Chi soffre di psoriasi ha un rischio maggiore di disturbi affettivi. Di conseguenza, è necessario chiedere loro informazioni sulla depressione, sull’ansia e sui problemi di gestione della malattia, come il comportamento di evitamento sociale e l’abuso di alcol. Esistono e si sono rivelati utili i corsi di formazione per affrontare la vita quotidiana, l’alimentazione e la cura della pelle. I medici e i pazienti devono essere consapevoli dell’aumento del rischio di malattie cardiovascolari e di diabete mellito. Lo stile di vita e la dieta (a ridotto contenuto calorico, preferibilmente mediterranea) devono essere adattati. Al paziente deve essere spiegata l’importanza dell’obesità e del fumo come fattori di rischio comprovati e anche i loro effetti talvolta negativi sulla terapia. Occorre sostenere un corrispondente cambiamento dello stile di vita. Gli psoriasici devono essere interrogati sui sintomi della sensibilità al glutine e, se positivi, devono sottoporsi al test degli anticorpi al glutine. Terapie complesse e costose potrebbero essere risparmiate da una dieta senza glutine.
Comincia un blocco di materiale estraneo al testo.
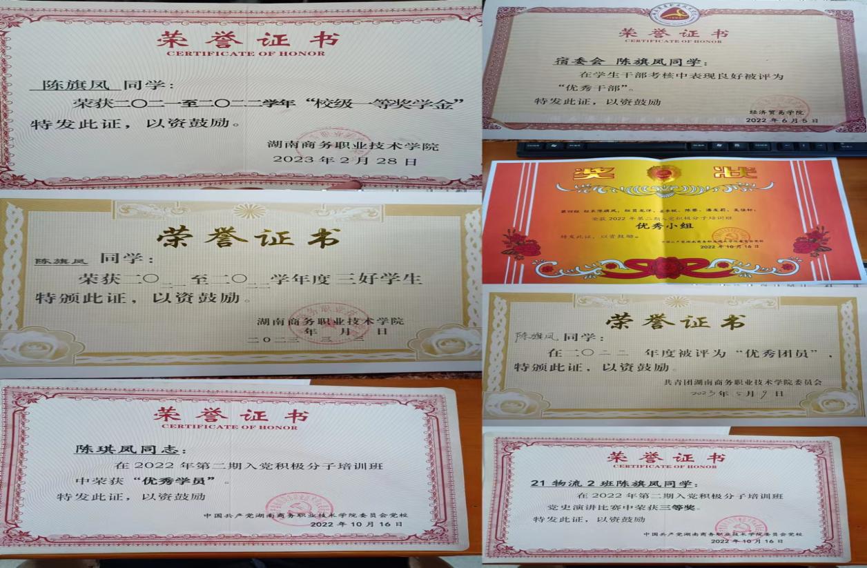 (通讯员 张宝贵)陈旗凤,女,汉族,2003年10月出生,共青团员,湖南商务职业技术学院21级物流管理2班学生,现为经济贸易学院第三期“青春向党”先锋营成员。在校期间,陈旗凤认真努力,荣获2021-2022学年校级一等奖学金、“优秀团员”荣誉称号、“三好学生”荣誉称号、“优秀学生干部”荣誉称号。在2022年第二期入党积极分子培训班荣获“优秀学员”,在2022年第二期入党积极分子培训班党史演讲比赛中荣获三等奖。“生命对我们来说都只有一次,在它正旺盛的时候,尽其所能发光发热,才更符合生命的自然。”这是陈旗凤关于奋斗的解读。
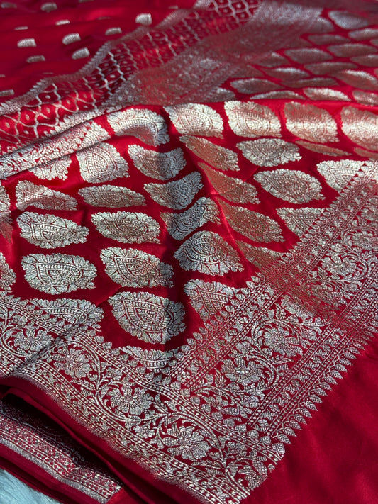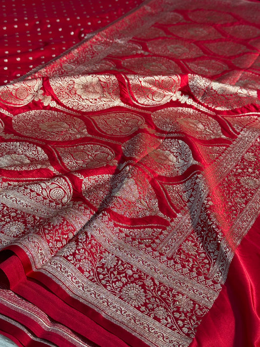 Chilli red Banarasi Mashru katan silk saree MK159

Il trattamento della psoriasi si basa principalmente su terapie topiche e sistemiche immunomodulanti e sulla fototerapia. Molti malati non sanno che la psoriasi, in quanto malattia multifattoriale, può essere influenzata favorevolmente anche da misure di stile di vita. Poiché non tutti i malati rispondono allo stesso modo alle diverse misure, non esiste uno stile di vita o una dieta specifica per la psoriasi. Le persone interessate devono riconoscere molto di più i fattori di influenza che sono rilevanti per loro e diventare consapevoli delle possibilità della propria influenza. Di seguito, vengono discussi i fattori stress, comorbidità psicologiche, alimentazione, obesità e fumo.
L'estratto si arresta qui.